Monday, August 3, 2015

Stop Talking and Just Do: That’s the Best Way, Sir!

Peter Mutharika: What is the best way?
The past week has not been a silly season politics-wise; the usually silent Malawi President, Peter Mutharika, aimed some punches at people criticizing his government. Seemingly unsure of where he gets it wrong, the president asked these critics to tell him the “best way”.

The president, in his characteristic I-know-much-what-can-you-tell-me tone, asked his critics to tell him what exactly is wrong with community colleges, malata and cement programme, industrialization, implementation of public sector reforms and all that jazz.

But what exactly is the “best way”? Is there any ‘best way’ anywhere? It appears not. However, certain ways are arguably more or most reasonable. And it is the reasonableness of the ways that make them best; not something inherent in the ways.

Similarly, in areas of policy implementation as is true in politics generally, the reasonable way which is the best way is a predisposition to do—action, in simple terms. That’s it, action is the best way.

Quite frankly, that the president is visionary on community colleges is well-settled; that his malata and cement programme deserves a pat on his back is widely-acknowledged; that his industrialization initiative is a big plus on his government is without question; and that his drive for public sector reforms is commendable goes without saying. The above, still, as brilliant as they are, matter less to any well-meaning citizen. The heart of it all is that what matters here is not the policies themselves but the action—or implementation if you like—which should, as far closely as possible, follow the road cleared by these grand policies.

Reaching here, the president can perhaps take an honest stock of himself and his government entourage and see whether or not his policies are implemented in the same grand way they were fashioned before asking for answers from his critics about where he goes wrong.

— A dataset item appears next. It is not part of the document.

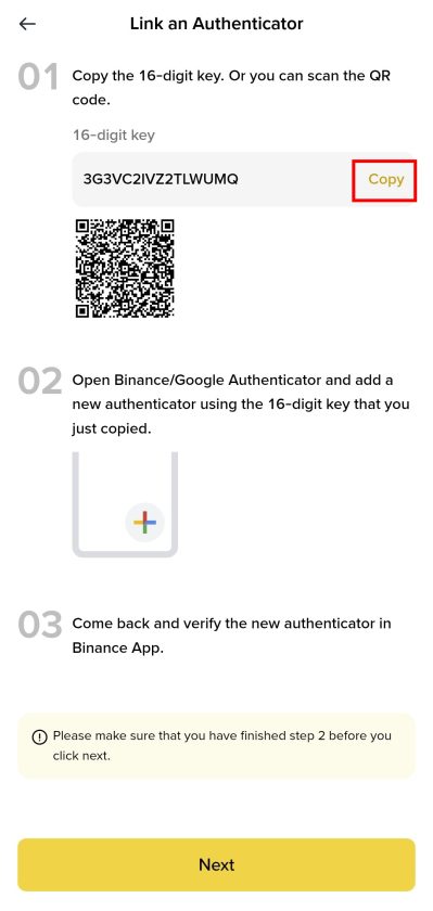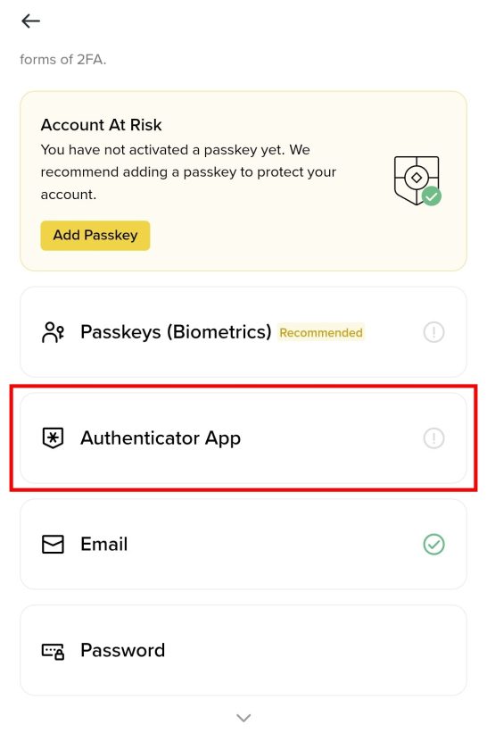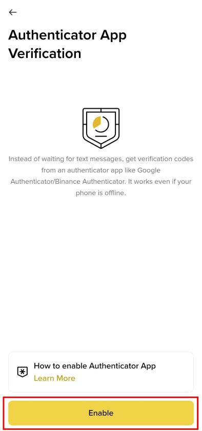 Open Binance and tap your profile icon (top-left). From your username, navigate to Security. Then, select Authenticator App and tap on Enable.
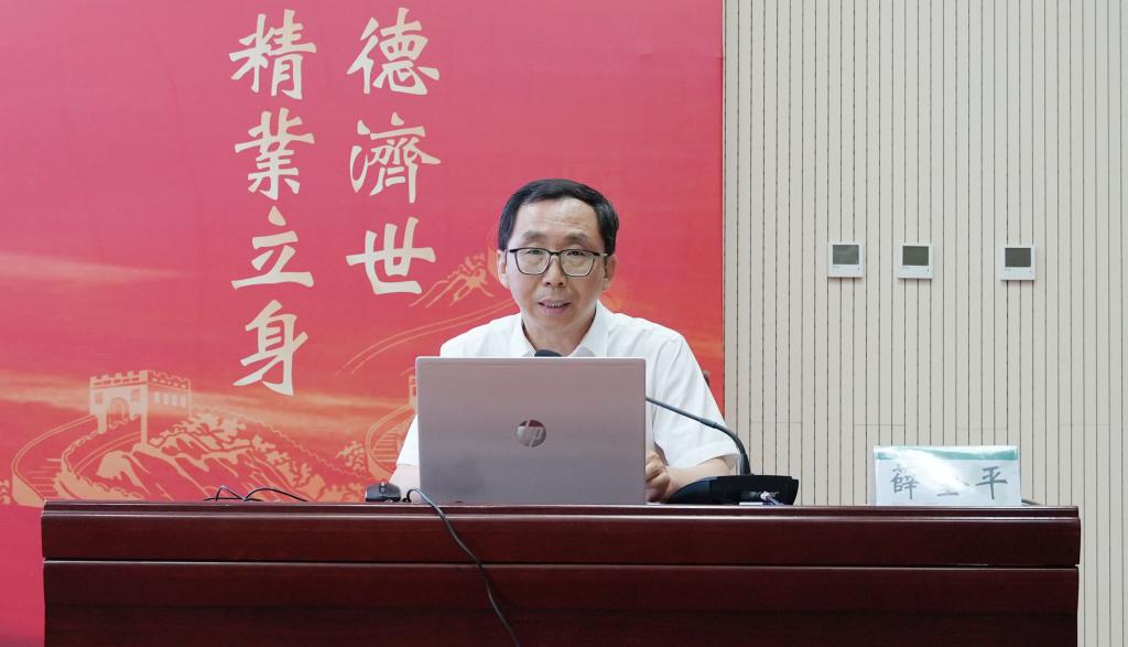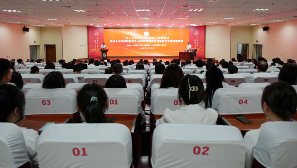 为深入学习贯彻党的二十大精神,扎实推动学习贯彻习近平新时代中国特色社会主义思想主题教育走深走实,6月19日下午,山西省领导干部宣讲团“百人百场报告会进高校”专题宣讲在学院报告厅举行,宣讲团成员、省水利厅总规划师、高级工程师、二级巡视员薛金平受邀到学院为全体党员、学生代表共200余人进行了专题宣讲。党委书记王旭主持报告会并作总结讲话。

It is hoped that this stock-taking can help him re-gain his touch with the populace. See, how often have cronyism, favoritism, corruption, and inaction been blamed by these critics to be the regrettable dents on these good policies? Many times. What has the president done? Very little. What has changed? Least.

If he could please do justice to the Malawi nation; next time this or that critic says something is wrong with policy A or implementation of policy B: he should listen attentively, gather the courage to accept the free advice, and then take action. It surely helps very little, if at all it does, to blabber squeaks of underappreciation in the name of taking critics to task. The only, yes only, way to take these critics to task is to walk the policy talk and not to wander away from it and still expect smiles from Malawians. 

The agitation for approval, now taking a peal on him, will yield nothing without something; action first and approval will naturally follow. The point being driven home here is that there is every need to stop talking and take action. “Why?”, you may ask. Because the talking was already done, the policy document is the talk—the talking is the policy. So the president can’t keep talking. Now it’s time for action. It’s time for implementation. Or better still, it is time for the policy walk.

Take America for example. America is not great because it is a land of lofty dreamers but because it is a land where dream-implementers live. For the record, Malawi is happy to have a lofty dreamer president. It is noteworthy that Malawi will be happiest to see its president implement the lofty dreams.

For Malawi, the dream is the establishment of community colleges that offer relevant programmes; yes, the dream is malata and cement programme that benefits all Malawians without regard to their political affiliations; the dream is civil servants getting salaries good enough to afford a standard life; the dream is creation of industries that create jobs for all and not for family and friends. And that is the kind of walk Malawi wants the grand policy talk to take. When all that meat is absent from the policies as it is the case now, the policy becomes a skeleton to be used as a ghost for corruption and political appeasement.

Sir, as a matter of being straight here, the thing is, at last, to walk the talk. Not to crawl the talk. Neither is it to talk the talk or talk talk the talk. The point is: walk the policy talk Sir. It is only when you walk (and not to wander away from) the policy talk that the criticisms will die a natural death. Because, as earlier elsewhere pointed out, that’s the best way, Sir.